### [Assignment]
For the entries below, the result should be an exact transcription of the lines from the one with "- Dupatta: Soft" up to and including the one with "Açık Mavi Techno-Line", and only those.

(Source records)
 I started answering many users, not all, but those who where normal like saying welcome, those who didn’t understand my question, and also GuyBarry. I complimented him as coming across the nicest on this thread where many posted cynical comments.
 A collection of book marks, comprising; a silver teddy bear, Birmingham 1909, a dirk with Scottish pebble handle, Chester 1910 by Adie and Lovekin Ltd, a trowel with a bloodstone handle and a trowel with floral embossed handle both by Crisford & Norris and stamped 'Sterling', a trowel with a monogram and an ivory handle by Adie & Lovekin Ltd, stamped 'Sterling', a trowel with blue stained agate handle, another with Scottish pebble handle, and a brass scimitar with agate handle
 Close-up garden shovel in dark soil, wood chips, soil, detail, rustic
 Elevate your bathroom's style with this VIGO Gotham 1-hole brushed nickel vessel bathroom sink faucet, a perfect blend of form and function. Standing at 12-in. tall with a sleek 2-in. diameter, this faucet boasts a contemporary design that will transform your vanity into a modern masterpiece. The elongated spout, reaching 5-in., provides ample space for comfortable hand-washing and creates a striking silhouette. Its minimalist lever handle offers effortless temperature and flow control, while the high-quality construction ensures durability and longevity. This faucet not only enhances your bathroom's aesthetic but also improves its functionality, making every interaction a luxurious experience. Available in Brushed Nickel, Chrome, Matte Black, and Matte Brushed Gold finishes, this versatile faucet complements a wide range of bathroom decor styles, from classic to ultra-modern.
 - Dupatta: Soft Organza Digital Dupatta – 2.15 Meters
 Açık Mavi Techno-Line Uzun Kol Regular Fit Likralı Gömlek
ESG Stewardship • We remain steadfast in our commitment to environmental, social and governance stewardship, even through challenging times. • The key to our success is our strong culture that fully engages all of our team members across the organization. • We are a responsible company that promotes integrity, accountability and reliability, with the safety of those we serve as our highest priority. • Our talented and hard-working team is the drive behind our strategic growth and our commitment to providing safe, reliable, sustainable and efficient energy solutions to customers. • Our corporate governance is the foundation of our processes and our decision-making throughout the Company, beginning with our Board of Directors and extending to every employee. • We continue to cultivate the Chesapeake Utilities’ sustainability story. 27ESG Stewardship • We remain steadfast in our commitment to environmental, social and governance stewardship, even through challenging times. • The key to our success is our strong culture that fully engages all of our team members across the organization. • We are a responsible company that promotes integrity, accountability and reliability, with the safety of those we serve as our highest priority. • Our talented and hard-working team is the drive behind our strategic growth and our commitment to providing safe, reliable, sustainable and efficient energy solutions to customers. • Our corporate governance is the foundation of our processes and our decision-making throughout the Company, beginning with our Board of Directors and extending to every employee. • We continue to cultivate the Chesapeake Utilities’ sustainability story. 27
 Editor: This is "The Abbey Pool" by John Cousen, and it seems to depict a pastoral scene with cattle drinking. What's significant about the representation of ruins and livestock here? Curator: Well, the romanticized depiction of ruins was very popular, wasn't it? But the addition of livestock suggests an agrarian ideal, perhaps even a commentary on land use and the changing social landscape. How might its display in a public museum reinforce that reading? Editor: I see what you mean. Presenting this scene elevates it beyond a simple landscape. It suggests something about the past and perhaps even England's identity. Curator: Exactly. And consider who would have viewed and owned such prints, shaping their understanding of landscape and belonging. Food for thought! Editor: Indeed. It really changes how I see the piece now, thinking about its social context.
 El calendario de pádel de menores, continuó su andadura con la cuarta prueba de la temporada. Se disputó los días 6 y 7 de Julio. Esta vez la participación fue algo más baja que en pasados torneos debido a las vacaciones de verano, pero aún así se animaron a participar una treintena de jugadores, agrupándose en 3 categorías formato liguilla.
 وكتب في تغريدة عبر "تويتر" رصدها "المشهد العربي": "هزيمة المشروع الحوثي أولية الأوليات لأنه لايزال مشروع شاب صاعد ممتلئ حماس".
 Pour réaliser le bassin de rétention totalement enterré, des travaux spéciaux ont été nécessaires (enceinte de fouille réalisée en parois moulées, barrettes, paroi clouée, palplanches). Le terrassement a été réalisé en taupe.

### [Output of the task]
 - Dupatta: Soft Organza Digital Dupatta – 2.15 Meters
 Açık Mavi Techno-Line Uzun Kol Regular Fit Likralı Gömlek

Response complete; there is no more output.